Singles from The Heat Is On
- "Fight the Power (Part 1 & 2)" Released: May 31, 1975; "For the Love of You (Part 1 & 2)" Released: October 20, 1975;

= The Heat Is On (album) =

The Heat Is On is the thirteenth studio album by American soul and funk group The Isley Brothers, released June 7, 1975, on T-Neck Records and Epic Records. Written and produced entirely by the group, the album was recorded in 1975 at Kendun Recorders in Burbank, California. The Heat Is On features musical elements of rock, and is divided between uptempo funk songs and soul ballads.

The Heat Is On sold 500,000 copies in its first month of release and spent 40 weeks on the U.S. Billboard Pop Albums chart. It became the Isley Brothers' first number-one album in the United States. The album received generally favorable reviews from publications, including The Village Voice, Melody Maker, and Rolling Stone. Music critics have since cited the album as among the Isley Brothers' best work. In 1999, The Heat Is On was certified double platinum by the Recording Industry Association of America (RIAA), with shipments of two million copies. It was reissued on compact disc in 2001 by Epic Records.
The album was also remastered and expanded for inclusion in the 2015 released CD box set The RCA Victor & T-Neck Album Masters, 1959–1983.

== Background and recording ==
Recording sessions for the album took place in 1975 at Kendun Recorders in Burbank, California. It was mixed at Westlake Audio in Los Angeles, California and mastered by engineer Kent Duncan. The album was entirely written and produced by the Isley Brothers.
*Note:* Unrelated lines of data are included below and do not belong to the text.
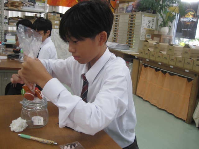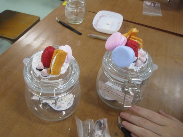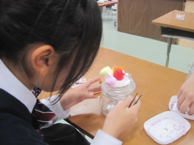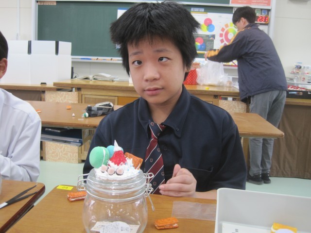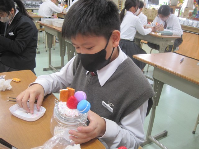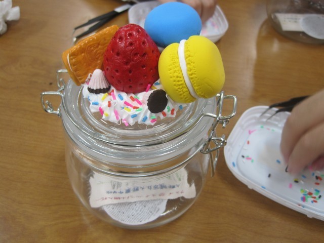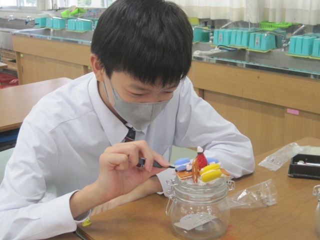 1年1組の美術の授業で取り組んでいたフェイクスイーツが、ほぼ完成しました!ミックスカラースプレーをピンセットで一つ一つ取り、飾り付けるなど、こだわりが見られます!
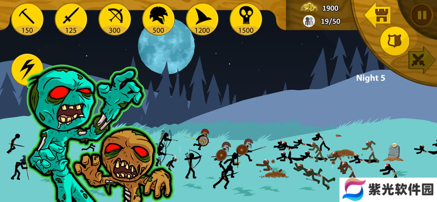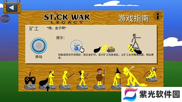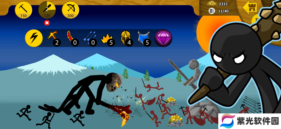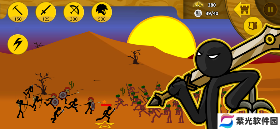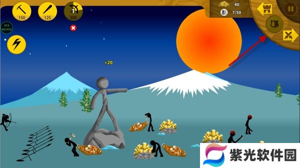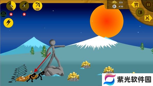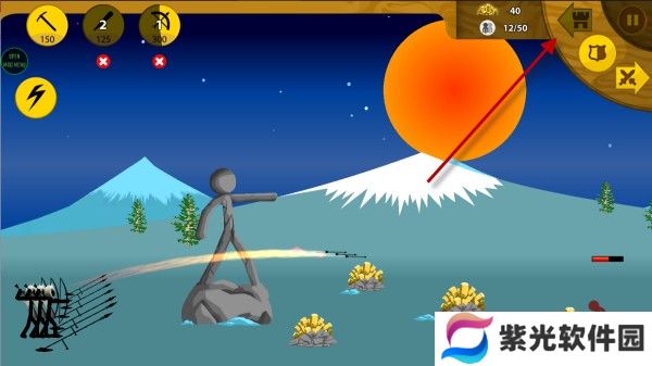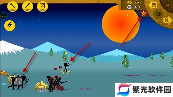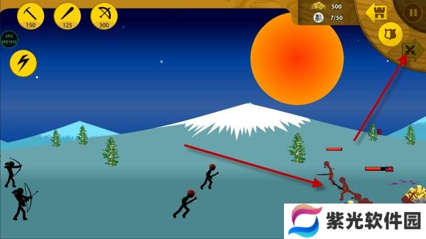 7、当然要是敌人来袭,还能选择防御模式,每一个矿工会停止挖矿,火柴人会回到自己一方组成防御。
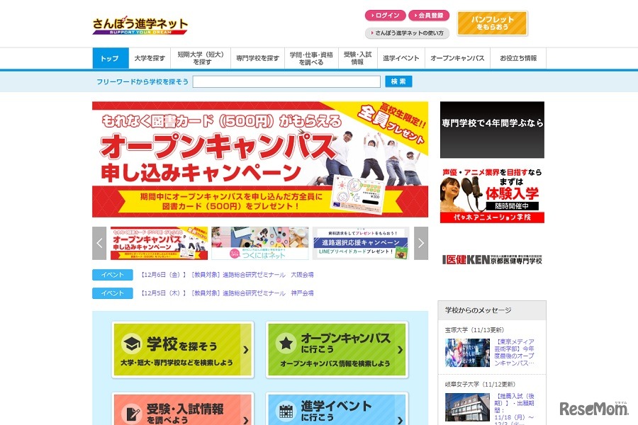 さんぽう進学ネットは2019年12月14日、京都府内の専門学校4校で「職業体験フェスタ」を開催する。当日は、福井や岡山、滋賀など6コースで無料送迎バスを運行する。参加申込はWebサイト、FAX、電話にて受け付けている。
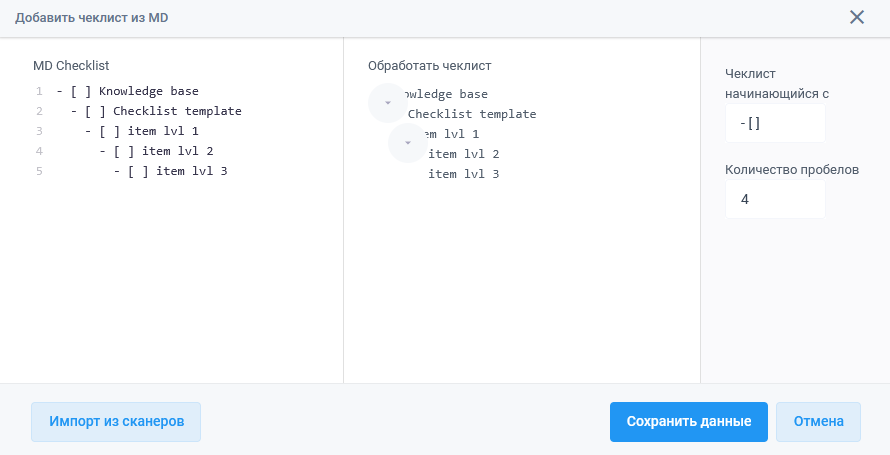 В окне Добавить чеклист из MD нажмите Импорт из сканеров или вручную введите текст в формате Markdown.

The group utilized many acoustic and electric instruments during its recording, including guitar, piano, and the ARP synthesizer, which was programmed by engineers Malcolm Cecil and Robert Margouleff. The Heat Is On is the third album recorded by the Isley Brothers with keyboardist Chris Jasper, bassist Marvin Isley, and guitarist Ernie Isley.

== Composition ==
The Heat Is On is a soul/rock album of danceable funk songs contrasting with romantic quiet storm ballads. The rock stylings are mostly provided by the Jimi Hendrix–influenced guitar of Ernie Isley. The album is part of a succession of slickly produced, successful soul records issued by the Isley Brothers during the 1970s. This musical formula for the album serves as a development of the group's transitional sound last featured on their landmark tenth album, 3 + 3 (1973). The Heat is On is the third album of the group's "3+3" configuration, featuring a trio of traditional R&B vocalists backed by three funk/rock musicians.
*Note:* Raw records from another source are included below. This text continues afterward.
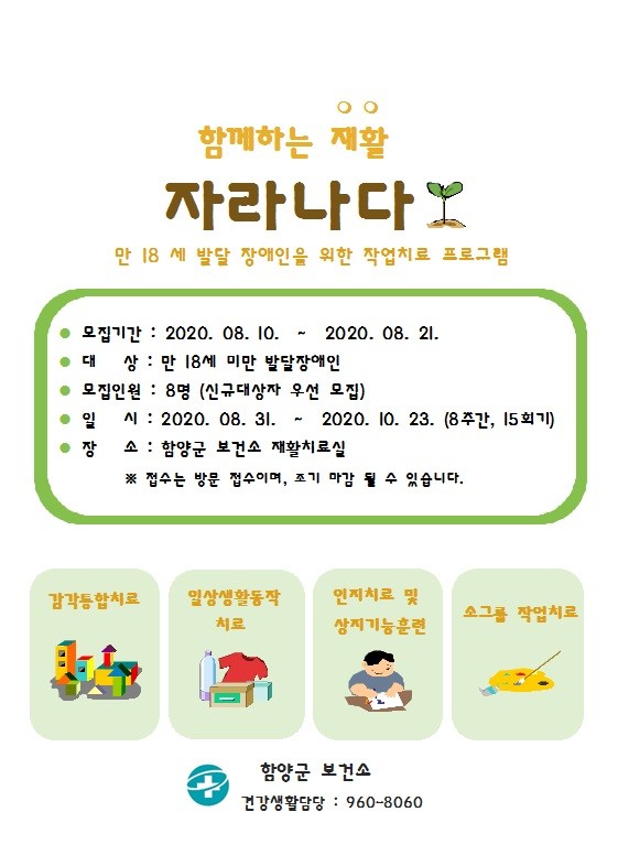 함양군은 관내 거주하는 만 18세 미만 발달장애인을 대상으로 군 보건소 재활치료실에서 오는 31일부터 ‘함께하는 재활, 자라나다’작업치료 프로그램을 운영한다고 11일에 밝혔다.
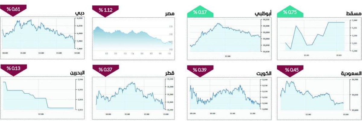 شهدت معظم البورصات العربية تراجعاً في الأداء، إذ تراجع «تاسي» السعودي 0.45%، والكويتي 0.39%، والقطري 0.37%، والبحرين 0.13%، في حين ارتفعت بورصة مسقط 0.75%.
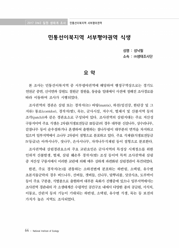 2017 DMZ 일원 생태계 조사 민통선이북지역 서부평야권역 64 ? National Institute of Ecology 민통선이북지역 서부평야권역 식생 성명 성낙필 소속 ㈜생태조사단 요 약 본 조사는 민통선이북지역 중 서부평야권역에 해당하며 행정구역상으로는 경기도 연천군 중면, 신서면과 강원도 철원군 철원읍, 동송읍 일대에서 사전에 정해진 조사경로를 따라 이동하며 조사가 시행되었다. 조사권역의 경관은 삼림 또는 경작지 논 바탕 matrix , 하천 임진강, 한탄강 및 그 지류 통로 corridor , 경작지 밭 , 묵논, 군사시설, 저수지, 벌채지 및 산불지역 등의 조각 patch 과 같은 경관요소로 구성되어 있다. 조사권역의 삼림지대는 주로 저산성 구릉지이며 주요 식생은 2차림 식생보전등급 Ⅲ등급 의 ...
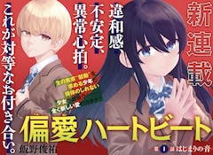 「偏愛ハートビート」は幼い頃のとある事故をきっかけに、心臓をドクドクと鼓動させるような刺激を求めるようになった少年・河辻悠を描く物語。悠は陸上部に入部して走ることで身体に負担をかけたり、恐怖感で心拍を上げようとホラーが好きになったりと、さまざまな方法を試しているものの、事故のときのような感覚を得られずにいた。そんな中、中学時代にトラブルに巻き込まれているところを助けた希咲という少女と高校で再会した悠。何かと悠に話しかけてくる希咲だったが、彼女にはとある秘密があり……。生の実感を求める少年と、得体の知れない少女の新しい愛の形が描写される。
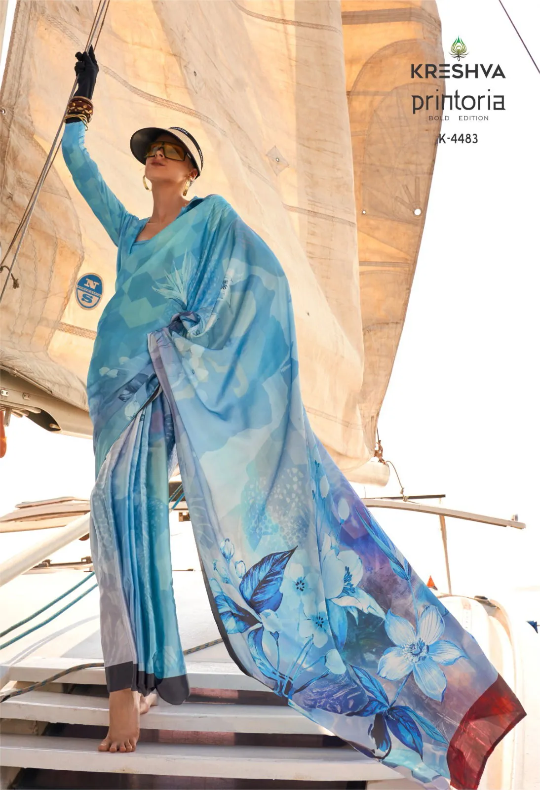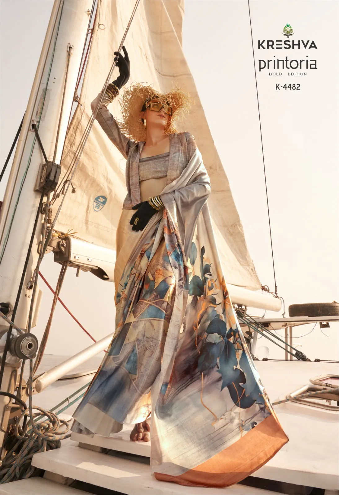 Kreshva Printoria Saitn Silk Octane Finish Saree Collection
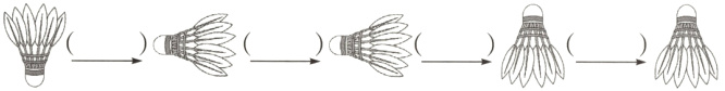 4. 体育课上,奇奇和小伙伴打羽毛球,观察羽毛球在空中的运动状态,在括号里填上“平移”或“旋转”。

The Heat Is On is notable for its two radio singles, the album's angry funk opener "Fight the Power (Part 1 & 2)" and the melodic soul ballad "For the Love of You (Part 1 & 2)". One critic cited the former song as the Isley Brothers' "most overtly political tune to date". According to writer Colin Larkin, the album's contrasting sides, with one comprising uptempo funk and the other comprising a suite of smooth soul, represent "the pinnacle of both genres". Side one's closer, "Hope You Feel Better Love (Part 1 & 2)", contrasts both of the styles, as it contains melodic verses and a forceful chorus and is blessed with another Ernie solo that underlines the sheer genius of his guitar work to a driving, mid-tempo groove.

== Critical reception ==

The Heat Is On was received positively by critics. Rolling Stones Bob Palmer wrote favorably of the Isley Brothers' dance music sensibilities and cited The Heat Is On as "some of the best body music around". Mark Anthony Neal of PopMatters applauded Ronald Isley's interpretive skills and balladry, stating "Whereas the up-tempo workouts helped the Isley's reach new audiences, it was their balladry, courtesy of lead vocalist Ronald, that distinguished them among other soul/R&B/funk bands of the era." Village Voice reviewer Robert Christgau described the music as a "well-nigh flawless" example of the Isley's style, although he found Ronald's vocal persona as "unctuous" as before. In 2001, the album was reissued on compact disc by Epic Records with a live bonus cut of "Fight the Power".

Professional ratings
Review scores
| Source | Rating |
| AllMusic | Star Half star |
| Christgau's Record Guide | B |
| Pitchfork Media | 9.3/10 |
| Virgin Encyclopedia of Popular Music | Star |

== Commercial performance ==
The album was released June 7, 1975, on the Epic imprint-label T-Neck Records in the United States. It was also made available that same year in 8-track cartridge and cassette formats, while Epic issued an LP release for distribution in the Netherlands. The Heat Is On charted on June 14, 1975, and spent 40 weeks on the Billboard Pop Albums chart. It became the Isley Brothers' first album to hit number one on the chart, which had been considered a rare feat for a black band at the time (the only other black bands who scored a number-one album on the pop charts were their funk contemporaries The Ohio Players and Earth, Wind & Fire). The Heat Is On also peaked at number one on the Billboard Black Albums chart.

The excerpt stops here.